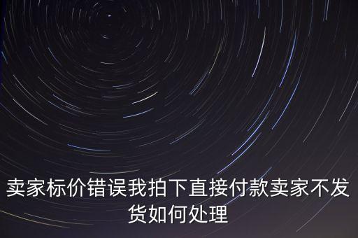 賣家標(biāo)價(jià)錯(cuò)誤我拍下直接付款賣家不發(fā)貨如何處理按照法律上來(lái)解釋,賣家給你退款結(jié)束交易了事.這個(gè)不會(huì)因?yàn)橘u家標(biāo)錯(cuò)了價(jià)格你拍下了...[詳細(xì)]
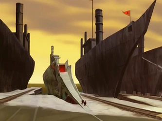 Another version of the Fire Nation cruiser, the Southern Raiders frigate, came into use during the later raids of the South Pole and was still active in 100 AG.[5]
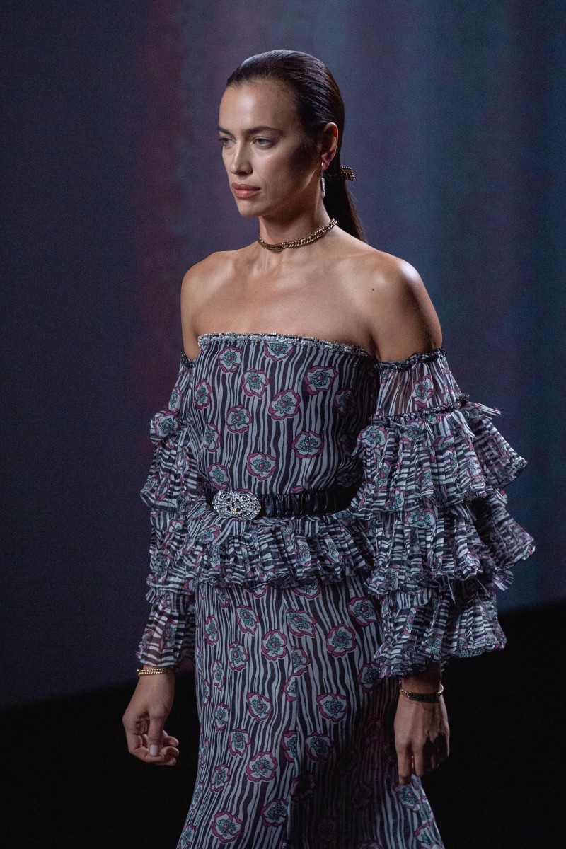 Второй важный момент шоу — Ирина Шейк. Супермодель впервые приняла участие в показе бренда, и это большой успех в ее карьере. На подиуме Ирина появилась  в костюме из шифона с оборками.
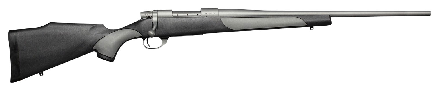 Weatherby's Vanguard rifles are guaranteed to shoot a 3-shot group of .99 or less at 100 yards (SUB-MOA) from a cold barrel when used with Weatherby factory or premium ammunition. Vanguard rifles are equipped with a match quality two-stage trigger (adjustable down to 2.5 lbs.) and a 3-position safety with the middle position allowing the shooter to work the action while safety is still engaged. The Vanguard action incorporates a one-piece machined bolt body fluted for reduction in weight and bearing surface area while eliminating binding for smooth action. Three gas ports allow high-pressure gases to escape laterally in the event of an accidental case rupture and the massive M-16-style extractor ensures reliable and positive extraction. Vanguard rifles have a one-piece machined receiver featuring an integral recoil lug for the utmost in strength and structural integrity along with a one-piece trigger guard with a hinged floorplate for easy access to unfired cartridges in the magazine. The Vanguard Weatherguard offers Cerakote protection. Its composite Monte Carlo Griptonite stock features pistol grip and forend inserts and a right side palm swell to aid in control and shooter comfort. The chrome-moly metalwork has a Cerakote Tactical Gray finish for exceptional weather and corrosion-resistance including the cold hammer-forged barrel with a #2 contour.
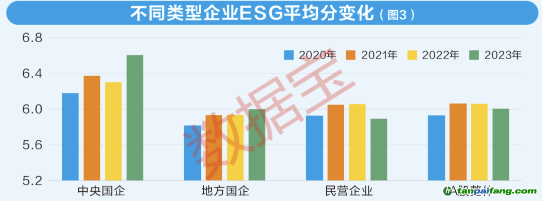 具體來(lái)看,央企ESG評(píng)分整體表現(xiàn)優(yōu)于地方國(guó)企、民企及A股整體水平。央企2023年Wind ESG平均分為6.6分,較2020底提升6.89%,無(wú)論是平均分還是提升幅度均高于地方國(guó)企、民企和A股整體水平(圖3)。 本`文@內(nèi)-容-來(lái)-自;中^國(guó)_碳0排0放^交-易=網(wǎng) ta n pa i fa ng . co m
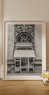 Ein bezauberndes Schwarz-Weiß-Foto der legendären Konditorei Ladurée, bekannt für ihren eleganten Pariser Stil und ihre weltberühmten Macarons. Die kunstvolle Architektur und die Café-Stühle erwecken das Gefühl von französischem Luxus und Genuss und machen diesen Druck zu einer anspruchsvollen Wahl für Innenräume, die von Mode, Kultur und zeitlosem Geschmack inspiriert sind.
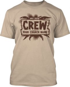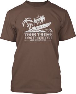 Ahoy Shipmates! Send out an S.O.S. for your shipwrecked crew. This cool Vacation Bible School t-shirt matches your island themed event coming up in Summer 2018. Customize the colors, styles, and then add your own theme, verse, and church name. Your VBS T-Shirts designer can do it all! Just ask.
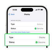 Zaslon uključuje sve komponente potrebne za profesionalnu zamjenu - uključujući prednju kameru, senzore blizine i vijke za montažu. Nakon što je popravak završen, Appleov softver Repair Assistant automatski provjerava i potvrđuje autentičnost zamjenskog dijela. Status " Original " tada će se pojaviti u postavkama uređaja, jamčeći da je korišten službeni Appleov dio .
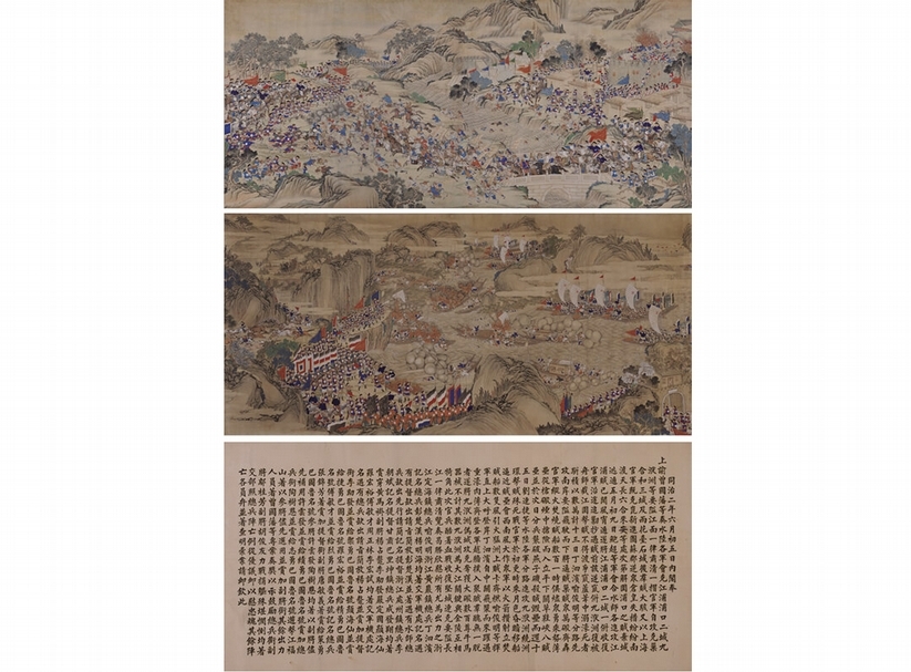 清代宮廷畫家繪〈平定太平天國戰圖〉,鏡心水墨、設色絹本、紙本,畫心120×297.5公分,120×293.5公分;上諭120×240公分。著錄:《曾國藩全集.奏稿》(同治二年),第207頁,嶽麓出社,1990年。張鐵寶〈清御敕湘淮軍平定太平天國戰圖考略〉,《湘淮人物與晚清社會》,社會科學文獻出版社,2011年。張弘星〈流散在海內外的兩組晚清宮廷戰圖考略〉,《故宮博物院院刊》總第94期,文物出版社,2001年。出版:《宋元明清中國古代書畫選集(二)》,第113~116頁,保利藝術博物館編。《第二屆北京中國文物藝術品國際博覽會展覽圖錄(貳)》,第204~209頁。展覽:保利藝術博物館2010年10月「宋元明清中國古代書畫大展(二)」。北京市文物局、北京日報報業集團、北京電視台主辦「第二屆北京中國文物藝術品國際博覽會」。來源:台灣資深藏家珍藏。

#### [DIRECTIONS FOR THIS TASK]
Set down every entry above without alteration, but print no images.

#### [THE COMPLETED TASK]
 賣家標(biāo)價(jià)錯(cuò)誤我拍下直接付款賣家不發(fā)貨如何處理按照法律上來(lái)解釋,賣家給你退款結(jié)束交易了事.這個(gè)不會(huì)因?yàn)橘u家標(biāo)錯(cuò)了價(jià)格你拍下了...[詳細(xì)]
 Another version of the Fire Nation cruiser, the Southern Raiders frigate, came into use during the later raids of the South Pole and was still active in 100 AG.[5]
 Второй важный момент шоу — Ирина Шейк. Супермодель впервые приняла участие в показе бренда, и это большой успех в ее карьере. На подиуме Ирина появилась  в костюме из шифона с оборками.
 Weatherby's Vanguard rifles are guaranteed to shoot a 3-shot group of .99 or less at 100 yards (SUB-MOA) from a cold barrel when used with Weatherby factory or premium ammunition. Vanguard rifles are equipped with a match quality two-stage trigger (adjustable down to 2.5 lbs.) and a 3-position safety with the middle position allowing the shooter to work the action while safety is still engaged. The Vanguard action incorporates a one-piece machined bolt body fluted for reduction in weight and bearing surface area while eliminating binding for smooth action. Three gas ports allow high-pressure gases to escape laterally in the event of an accidental case rupture and the massive M-16-style extractor ensures reliable and positive extraction. Vanguard rifles have a one-piece machined receiver featuring an integral recoil lug for the utmost in strength and structural integrity along with a one-piece trigger guard with a hinged floorplate for easy access to unfired cartridges in the magazine. The Vanguard Weatherguard offers Cerakote protection. Its composite Monte Carlo Griptonite stock features pistol grip and forend inserts and a right side palm swell to aid in control and shooter comfort. The chrome-moly metalwork has a Cerakote Tactical Gray finish for exceptional weather and corrosion-resistance including the cold hammer-forged barrel with a #2 contour.
 具體來(lái)看,央企ESG評(píng)分整體表現(xiàn)優(yōu)于地方國(guó)企、民企及A股整體水平。央企2023年Wind ESG平均分為6.6分,較2020底提升6.89%,無(wú)論是平均分還是提升幅度均高于地方國(guó)企、民企和A股整體水平(圖3)。 本`文@內(nèi)-容-來(lái)-自;中^國(guó)_碳0排0放^交-易=網(wǎng) ta n pa i fa ng . co m
 Ein bezauberndes Schwarz-Weiß-Foto der legendären Konditorei Ladurée, bekannt für ihren eleganten Pariser Stil und ihre weltberühmten Macarons. Die kunstvolle Architektur und die Café-Stühle erwecken das Gefühl von französischem Luxus und Genuss und machen diesen Druck zu einer anspruchsvollen Wahl für Innenräume, die von Mode, Kultur und zeitlosem Geschmack inspiriert sind.
 Ahoy Shipmates! Send out an S.O.S. for your shipwrecked crew. This cool Vacation Bible School t-shirt matches your island themed event coming up in Summer 2018. Customize the colors, styles, and then add your own theme, verse, and church name. Your VBS T-Shirts designer can do it all! Just ask.
 Zaslon uključuje sve komponente potrebne za profesionalnu zamjenu - uključujući prednju kameru, senzore blizine i vijke za montažu. Nakon što je popravak završen, Appleov softver Repair Assistant automatski provjerava i potvrđuje autentičnost zamjenskog dijela. Status " Original " tada će se pojaviti u postavkama uređaja, jamčeći da je korišten službeni Appleov dio .
 清代宮廷畫家繪〈平定太平天國戰圖〉,鏡心水墨、設色絹本、紙本,畫心120×297.5公分,120×293.5公分;上諭120×240公分。著錄:《曾國藩全集.奏稿》(同治二年),第207頁,嶽麓出社,1990年。張鐵寶〈清御敕湘淮軍平定太平天國戰圖考略〉,《湘淮人物與晚清社會》,社會科學文獻出版社,2011年。張弘星〈流散在海內外的兩組晚清宮廷戰圖考略〉,《故宮博物院院刊》總第94期,文物出版社,2001年。出版:《宋元明清中國古代書畫選集(二)》,第113~116頁,保利藝術博物館編。《第二屆北京中國文物藝術品國際博覽會展覽圖錄(貳)》,第204~209頁。展覽:保利藝術博物館2010年10月「宋元明清中國古代書畫大展(二)」。北京市文物局、北京日報報業集團、北京電視台主辦「第二屆北京中國文物藝術品國際博覽會」。來源:台灣資深藏家珍藏。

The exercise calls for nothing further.